→ Work required
In the listing that follows, locate the line containing "Cette exquise maison" and the line containing "This package includes". Retype exactly those two lines and every line between them, and nothing more.

→ Data shown
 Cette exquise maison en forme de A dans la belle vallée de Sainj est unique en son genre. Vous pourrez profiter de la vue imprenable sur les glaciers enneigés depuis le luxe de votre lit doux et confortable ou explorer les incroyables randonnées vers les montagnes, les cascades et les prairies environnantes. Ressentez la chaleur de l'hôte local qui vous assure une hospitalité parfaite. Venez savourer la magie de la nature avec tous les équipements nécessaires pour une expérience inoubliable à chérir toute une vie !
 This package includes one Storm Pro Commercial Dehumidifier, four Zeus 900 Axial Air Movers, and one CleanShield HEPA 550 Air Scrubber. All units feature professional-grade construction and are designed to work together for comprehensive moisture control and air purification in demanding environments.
...
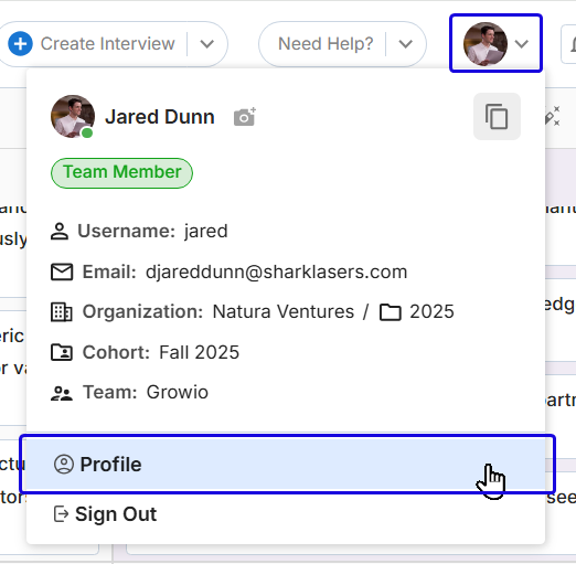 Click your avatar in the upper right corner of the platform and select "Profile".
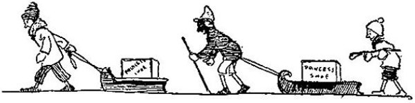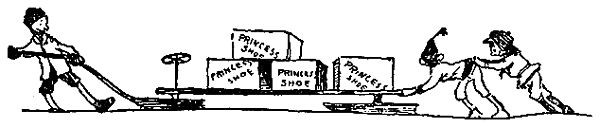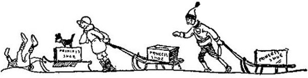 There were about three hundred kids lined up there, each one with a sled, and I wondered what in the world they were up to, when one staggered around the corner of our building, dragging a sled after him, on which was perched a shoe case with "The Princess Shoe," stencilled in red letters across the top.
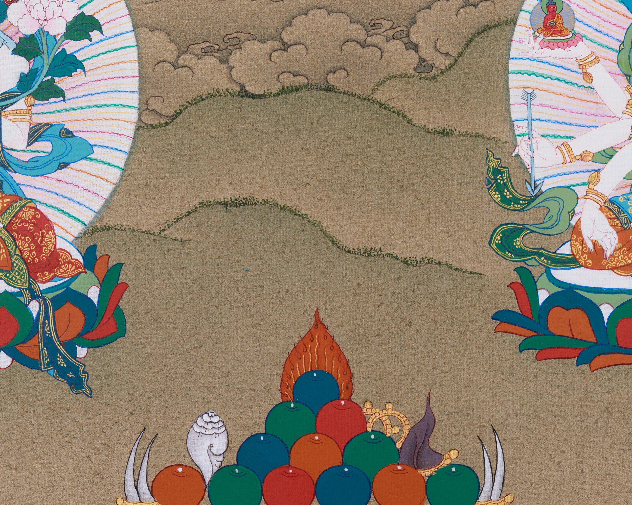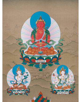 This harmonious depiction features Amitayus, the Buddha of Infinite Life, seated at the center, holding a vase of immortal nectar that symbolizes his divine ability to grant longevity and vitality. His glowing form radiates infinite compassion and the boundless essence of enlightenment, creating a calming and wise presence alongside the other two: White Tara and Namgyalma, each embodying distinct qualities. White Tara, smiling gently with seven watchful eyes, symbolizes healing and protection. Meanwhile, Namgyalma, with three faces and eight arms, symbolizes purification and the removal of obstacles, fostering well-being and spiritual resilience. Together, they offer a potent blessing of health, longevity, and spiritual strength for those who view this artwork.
==
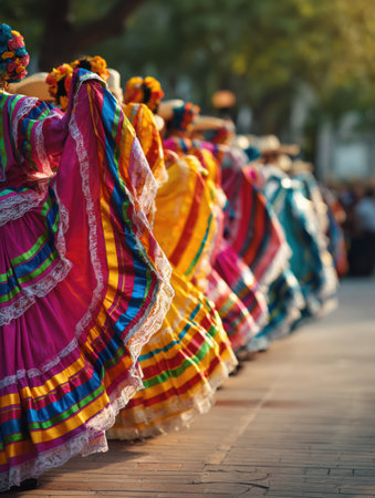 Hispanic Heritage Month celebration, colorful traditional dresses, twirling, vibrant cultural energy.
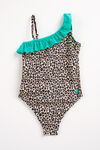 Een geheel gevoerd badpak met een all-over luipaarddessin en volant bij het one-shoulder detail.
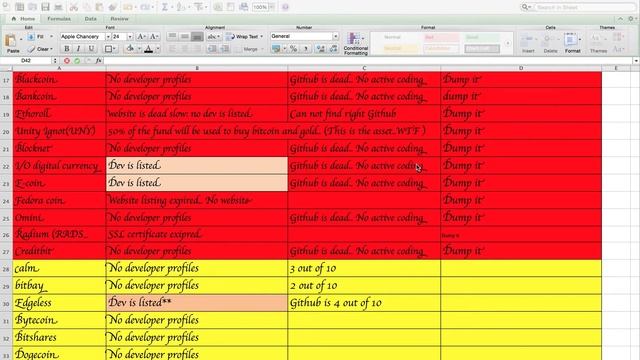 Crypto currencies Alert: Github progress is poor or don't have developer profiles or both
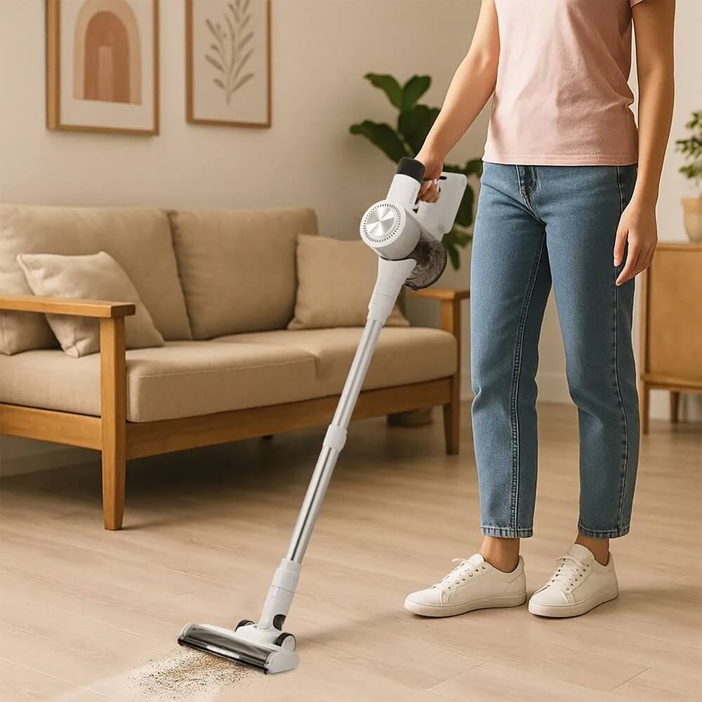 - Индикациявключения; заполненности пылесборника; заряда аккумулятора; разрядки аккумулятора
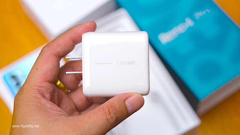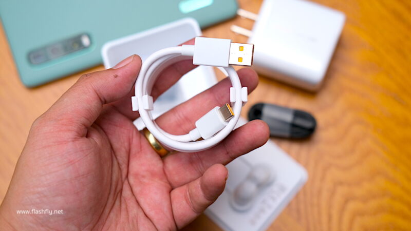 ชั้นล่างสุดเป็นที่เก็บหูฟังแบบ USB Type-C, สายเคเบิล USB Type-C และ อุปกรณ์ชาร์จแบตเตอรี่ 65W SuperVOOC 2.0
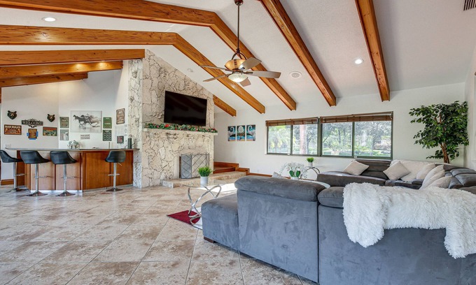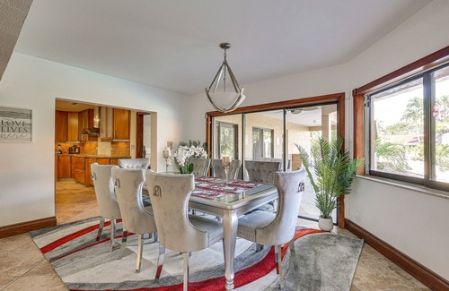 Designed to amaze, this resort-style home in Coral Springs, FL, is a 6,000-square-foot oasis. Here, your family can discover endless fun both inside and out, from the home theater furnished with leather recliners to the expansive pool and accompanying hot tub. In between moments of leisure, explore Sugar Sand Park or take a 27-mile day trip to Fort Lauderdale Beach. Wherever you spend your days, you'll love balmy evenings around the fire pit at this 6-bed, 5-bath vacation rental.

→ Written answer
 Cette exquise maison en forme de A dans la belle vallée de Sainj est unique en son genre. Vous pourrez profiter de la vue imprenable sur les glaciers enneigés depuis le luxe de votre lit doux et confortable ou explorer les incroyables randonnées vers les montagnes, les cascades et les prairies environnantes. Ressentez la chaleur de l'hôte local qui vous assure une hospitalité parfaite. Venez savourer la magie de la nature avec tous les équipements nécessaires pour une expérience inoubliable à chérir toute une vie !
 This package includes one Storm Pro Commercial Dehumidifier, four Zeus 900 Axial Air Movers, and one CleanShield HEPA 550 Air Scrubber. All units feature professional-grade construction and are designed to work together for comprehensive moisture control and air purification in demanding environments.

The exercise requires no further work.